Le parti conservateur s'est demandé quels coûts générera ce projet en Suisse et quelles conséquences il aura sur les effectifs en personnel. "Plus globalement, nous avons des doutes sur l'efficacité du système à mettre en place", a expliqué Jean-Luc Addor (UDC/VS). Opposé à l'entrée en matière, il n'a pas convaincu au-delà de son camp.
Certains élus des Vert-e-s se sont inquiétés de la sécurité des informations des demandeurs de visa. Mais le ministre de justice et police Beat Jans a rappelé que les cantons appliquent de toute façon les règles sur la protection des données, tandis que la plateforme fonctionnera en conformité avec le Règlement général sur la protection des données.
Pas avant 2030
La mise sur pied de la plateforme européenne est actuellement prévue pour janvier 2028. Les Etats Schengen disposent d'un délai de sept ans pour s'y raccorder. La Suisse prévoit de le faire, au plus tôt, début 2030. Par ailleurs, le format des visas doit être redéfini pour que ceux-ci puissent être octroyés sous forme numérique.
Au vote sur l'ensemble, le projet a passé par 126 voix contre 59.
Dépêche ATS
Délibérations au Conseil des Etats, 09.09.2025
Les demandes de visas Schengen seront numérisées en Suisse aussi
Les demandes de visa Schengen seront numérisées et déposées sur une plateforme électronique de l'UE. Après le National, le Conseil des Etats a adopté mardi, par 35 voix contre 7, une adaptation de la législation suisse à ce développement de l'acquis de Schengen.
Désormais, les demandes de visa Schengen pour les séjours de courte durée (90 jours) devront être déposées sous forme numérique par l’intermédiaire d’une plateforme européenne. Les visas seront aussi émis sous forme numérique, et non plus sur papier.
La réforme doit entrer en vigueur en 2028. Les Etats Schengen disposent d'un délai de sept ans pour s'y raccorder. La Suisse prévoit de le faire, au plus tôt, début 2030. Par ailleurs, le format des visas doit être redéfini pour que ceux-ci puissent être octroyés sous forme numérique.
Le traitement numérisé des demandes de visas permettra d'harmoniser les processus, facilitera les procédures pour les demandeurs de visas et instaurera une coopération efficace entre les autorités migratoires des Etats Schengen, a indiqué pour la commission Marianne Binder-Keller (Centre/AG).

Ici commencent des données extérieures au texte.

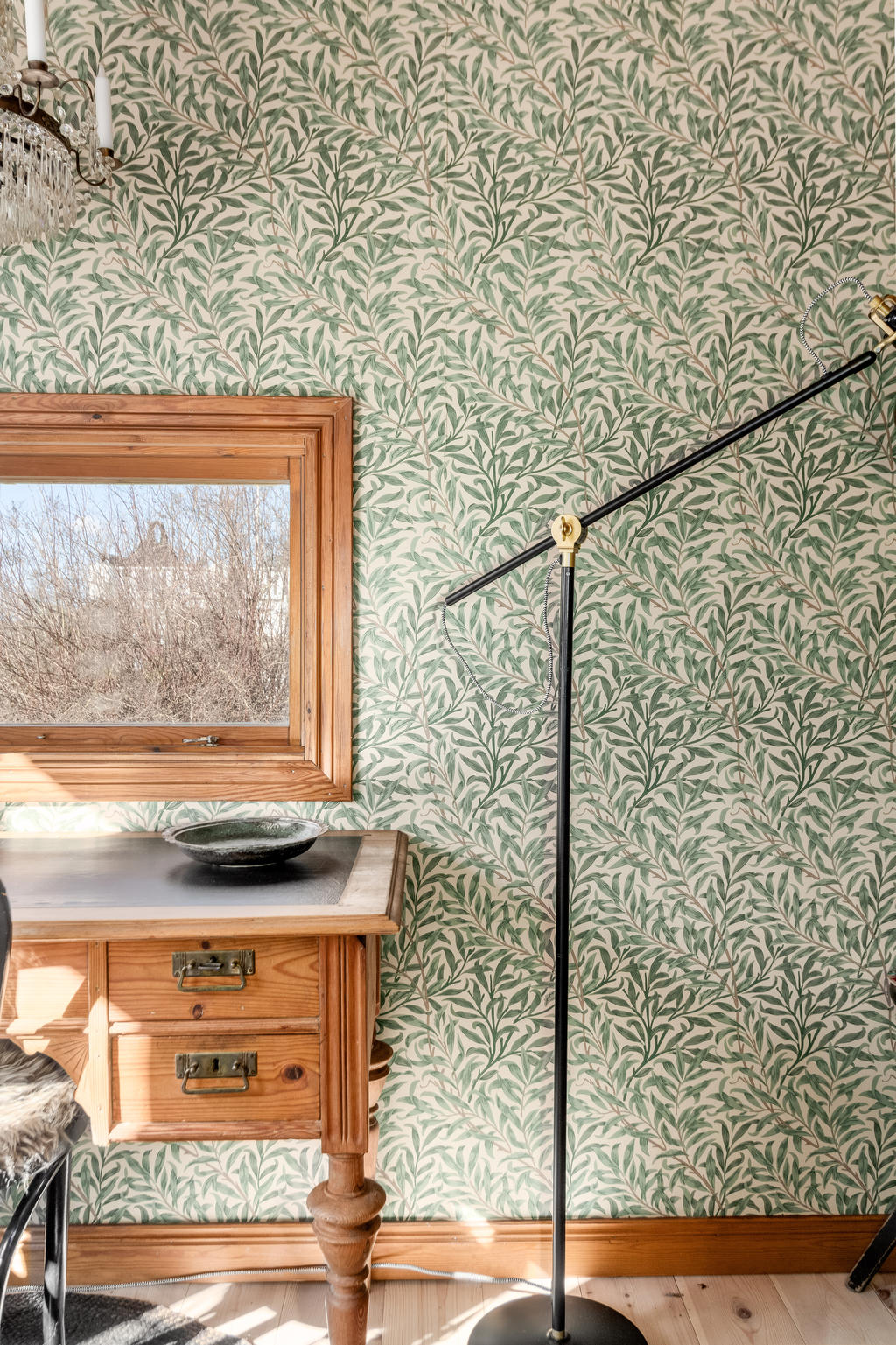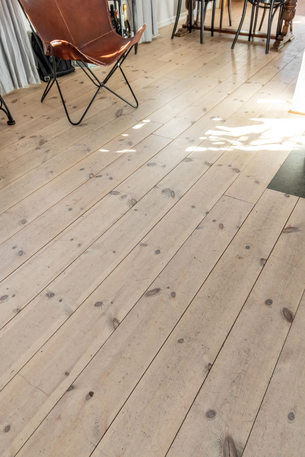 Trägolven är slipade och behandlade med hårdvaxolja.
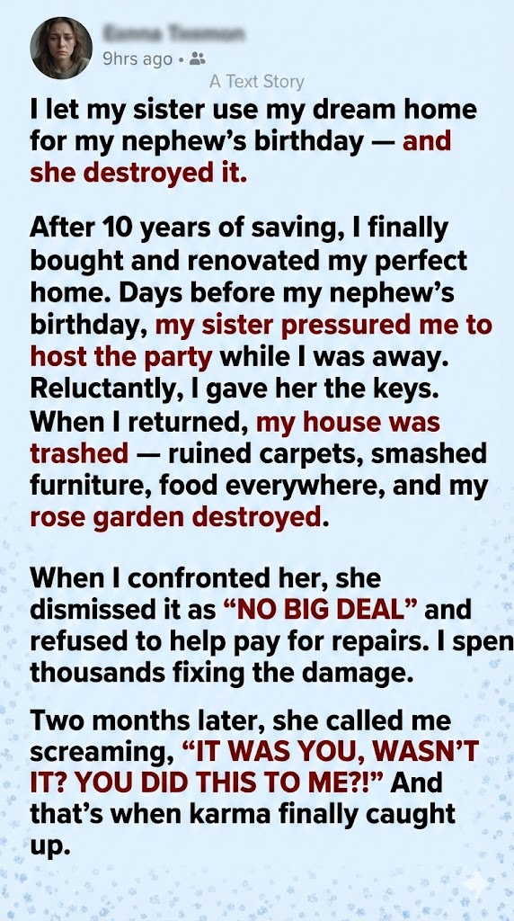 When Anna reluctantly lets her sister borrow her beloved home for her nephew’s birthday, she expects a simple celebration. Instead, she returns to devastation, betrayal, and silence that cuts deeper than any mess. But as the dust settles, Anna discovers the true cost of family, and the strength of reclaiming her sanctuary.

Le demandeur déposera ses données sur la future plateforme. Celle-ci procédera à une première vérification puis adressera la demande à l'Etat compétent. Si la Suisse accepte le traitement de la demande, les données saisies sont transférées électroniquement dans le système national d'informations sur les visas.
Exceptions possibles
Il restera possible dans des cas exceptionnels de déposer une demande physique, par exemple dans des cas humanitaires ou de difficultés d'accès à Internet, selon Mme Binder-Keller.
Seule l'UDC était opposée, affichant des doutes sur l'efficacité du système en matière de sécurité. Le ministre de justice et police Beat Jans a assuré que le nouveau système garantira une meilleure protection contre les abus, car le visa sera moins facilement falsifiable. La protection des données est également garantie.